Negative gearing is proving to be one of those political hot topics. Recently, the Labor Party announced plans to scrap negative gearing yet again. It’s time to reflect on why it isn’t such a bad thing.
If you listen to Labor, it’s those with millions who are somehow screwing the taxation system (and the taxpayers) by providing rental properties for people who can’t afford to buy their own houses. I recall being one of those people and buying my first house when interest rates were 0.19 per cent. Almost 30 years later, my wife and I were in a position to build our wealth by negatively gearing an investment property.
The amount of taxation reduced from our respective tax payments wasn’t hugely significant, but it did help us at the time because even with an investment property, we still weren’t wealthy. Most people who have investment properties aren’t wealthy. They are people trying to consolidate their futures.
Our investment property kept someone housed — our clients. It also meant we had to pay for body corporate, a property manager, gardeners, tradespeople when repairs were needed, insurance policies, rates and water taxes, mortgage, advertising and more. That one property helped keep a number of people in jobs and the economy going. Yes, I know, if we had lived in it, we would have had to pay most of the above too, but we paid them elsewhere.

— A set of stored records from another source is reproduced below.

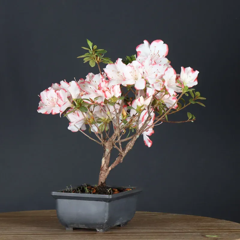 The Japanese azalea blooms beautifully in April/May. Very interesting to train and to grow as a bonsai for its ease of cultivation: very hardy.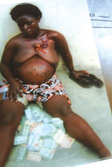 The 35-year old mother of four who is six months pregnant was caught by the police at Mile 2 Motor Park, Apapa, Lagos where she laid her mat and exposed her breasts and stomach to attract sympathy from the public while soliciting financial assistance to treat the fake ailment. The police disclosed that she was arrested following a tip off from members of the public.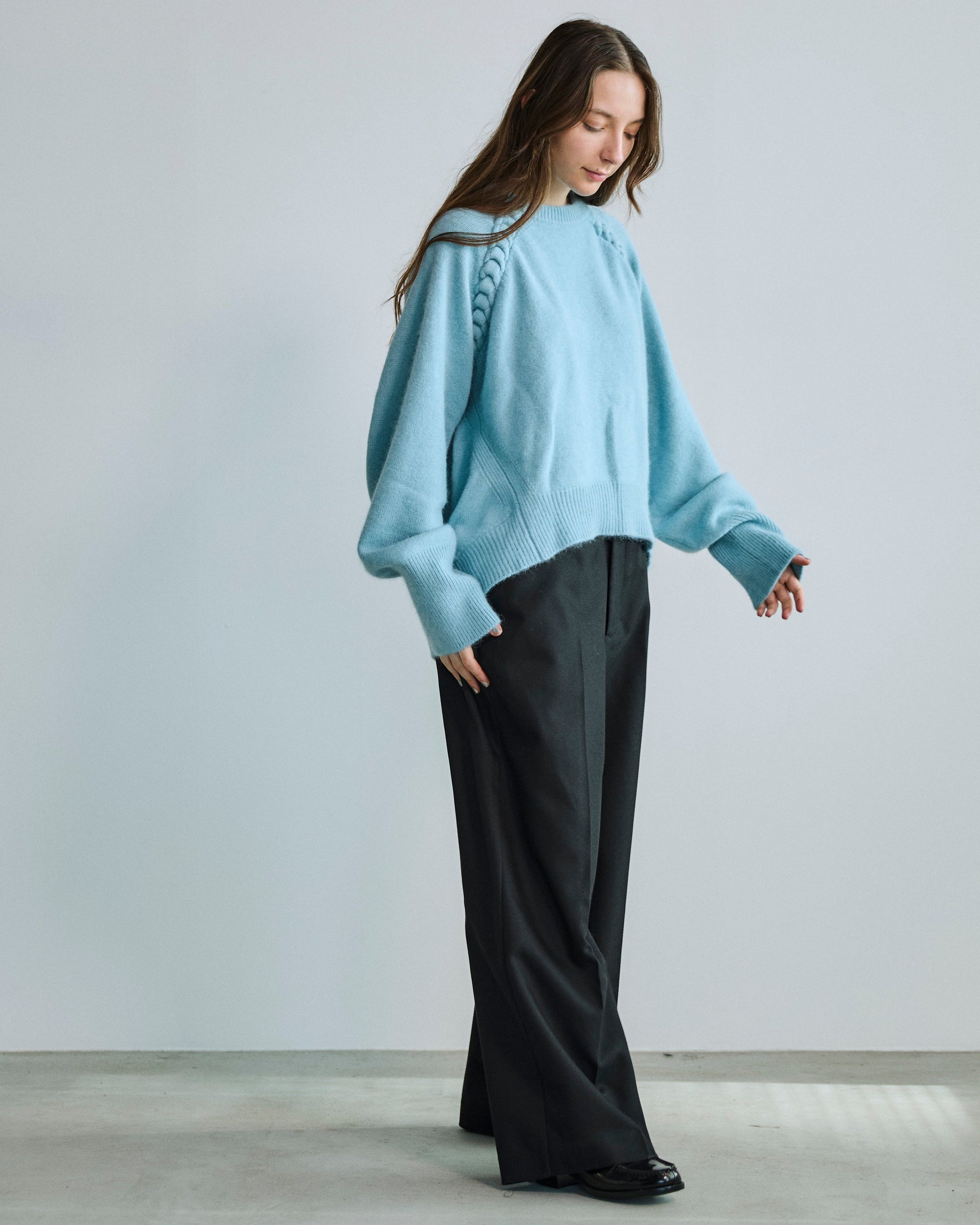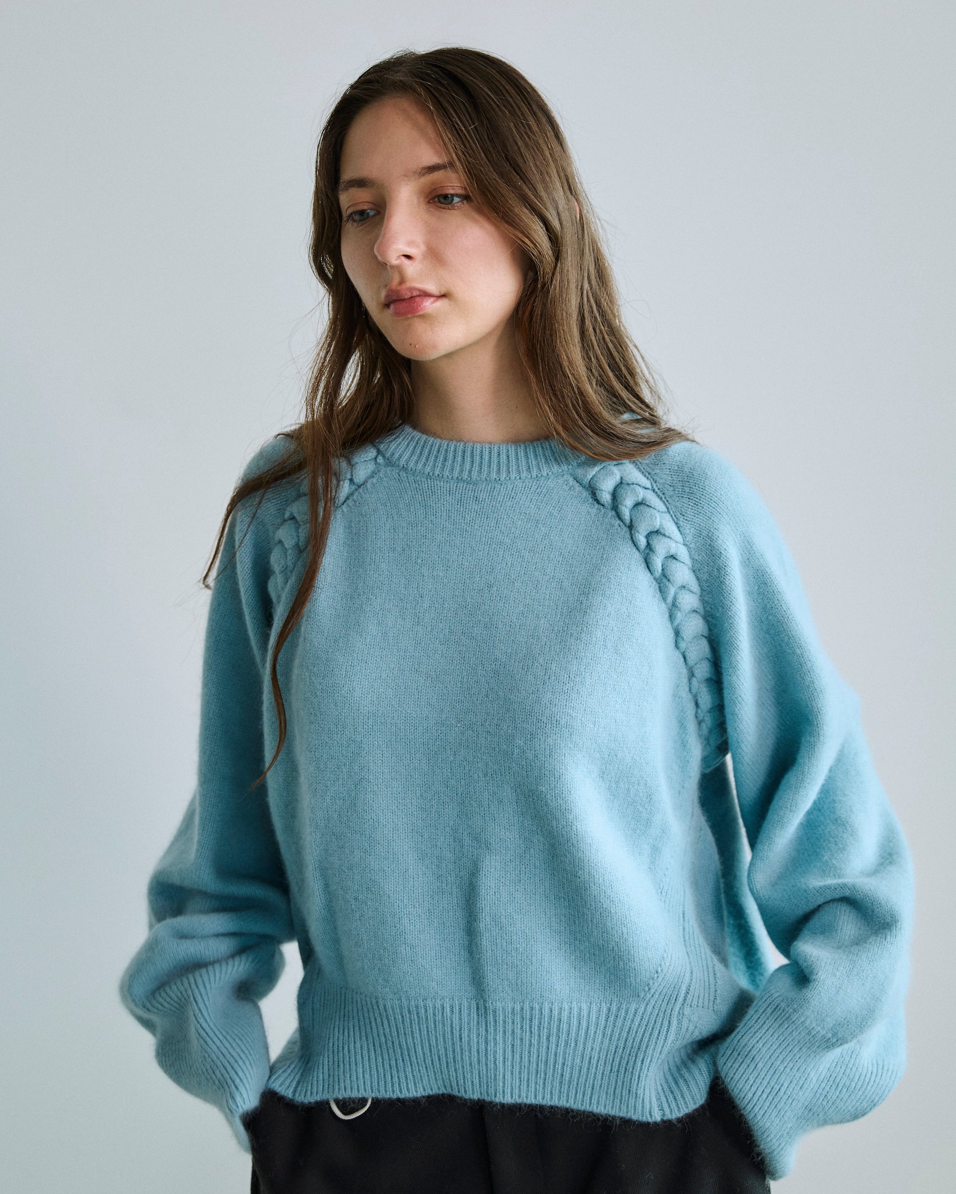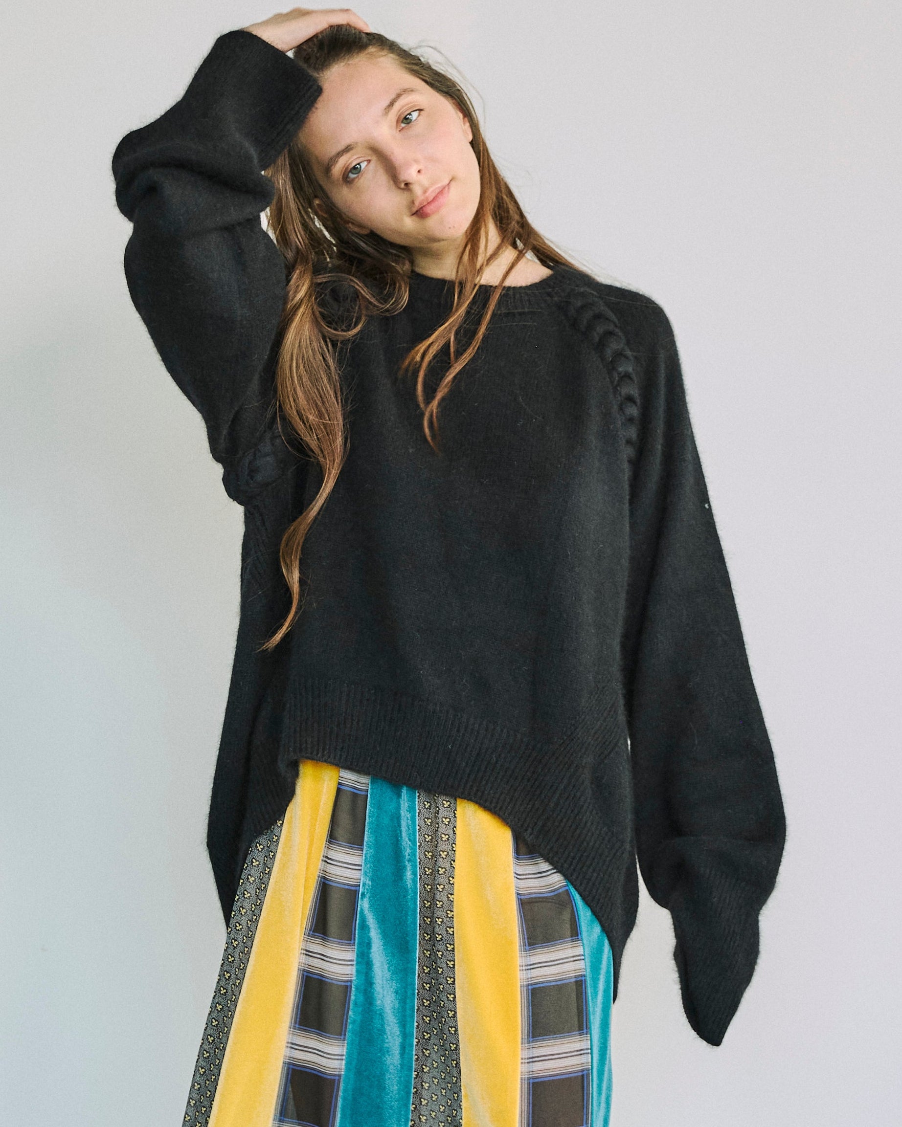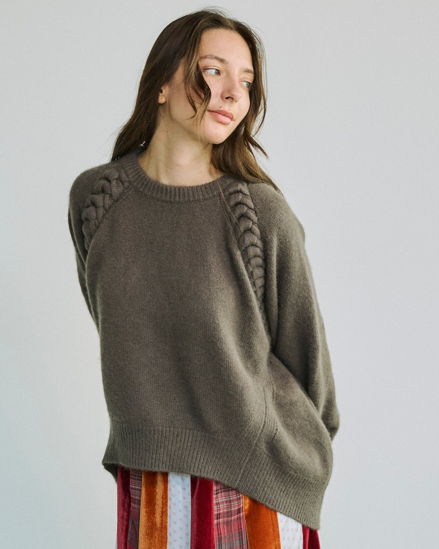 シンプルなロングスリーブニットに、チェーンを連想させる編み込みをあしらったアクセントデザイン。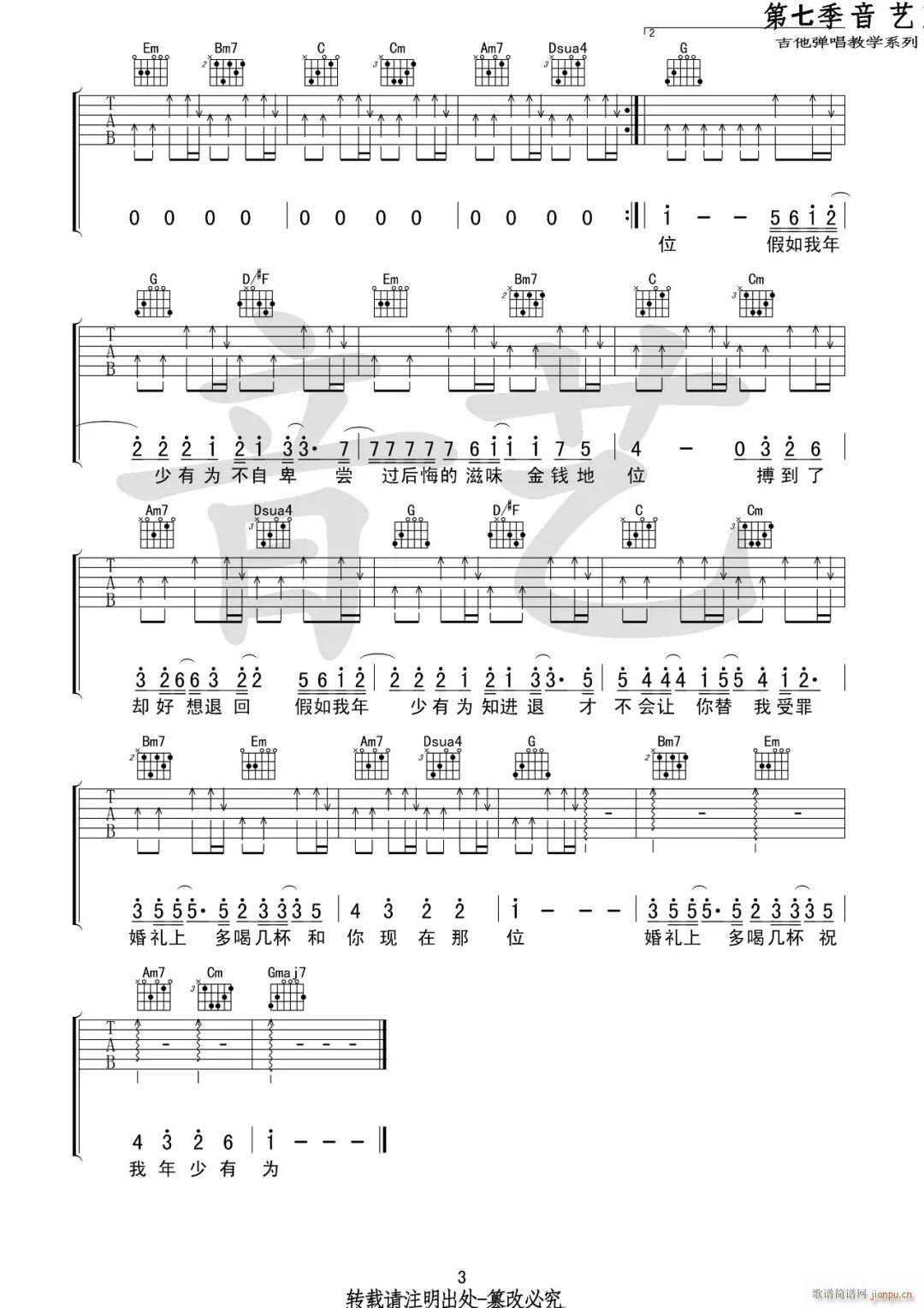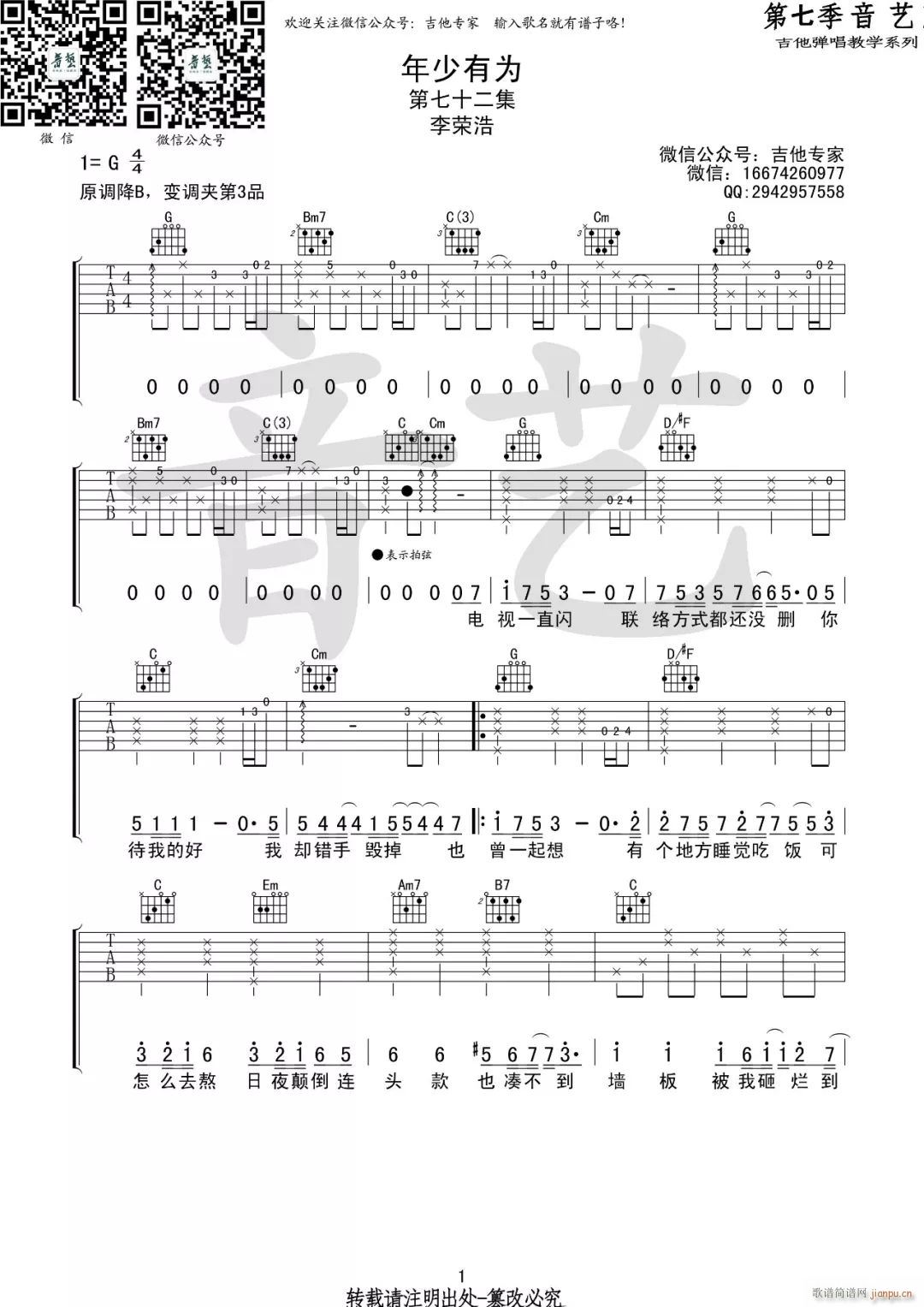 公众号:绵羊乐谱 年少有为 ( G调原版编配) 免费弹唱吉他谱_六线谱/词曲:李荣浩 点击: (吉他专家) 公众号:绵羊乐谱 | 官方QQ群:978773290 不吃独食,学会分享!本文链接:http://www.shaomingyang.com/btb/35028.html 转载请标明出处,尊重原创(๑╹◡╹)ノ。如信息有误或版权疑问,请通过网站底部联系我们会第一时间处理,感谢理解支持(◕ᴗ◕✿)!

Along the way, we managed to pay out the property mortgage (from superannuation) and finish work. We are now retired and still own and rent out the property, which provides us with some of our income in retirement. The upside for taxpayers is that my wife and I have been retired for six years and have never had an income via pension from the public purse.
If you calculate (on today’s terms) what six years of a couples’ pension is worth, it comes out at about $190,000. That’s much, much more than we saved in taxes through negative gearing. We also still provide accommodation for a lovely couple who rent our investment property.
Remember what happened when Bob Hawke’s Labor government scrapped negative gearing? There became a severe shortage of rental properties as people began to offload their investment properties. While it sounds like good government policy to attack the high-income earners of Australia, there are often unforeseen consequences and usually some that should have been foreseen but weren’t.
I believe there is a reasonable argument to limit the number of negatively geared dwellings a person can have, but to eliminate negative gearing completely will have an adverse effect on our economy and the lives of many Australians.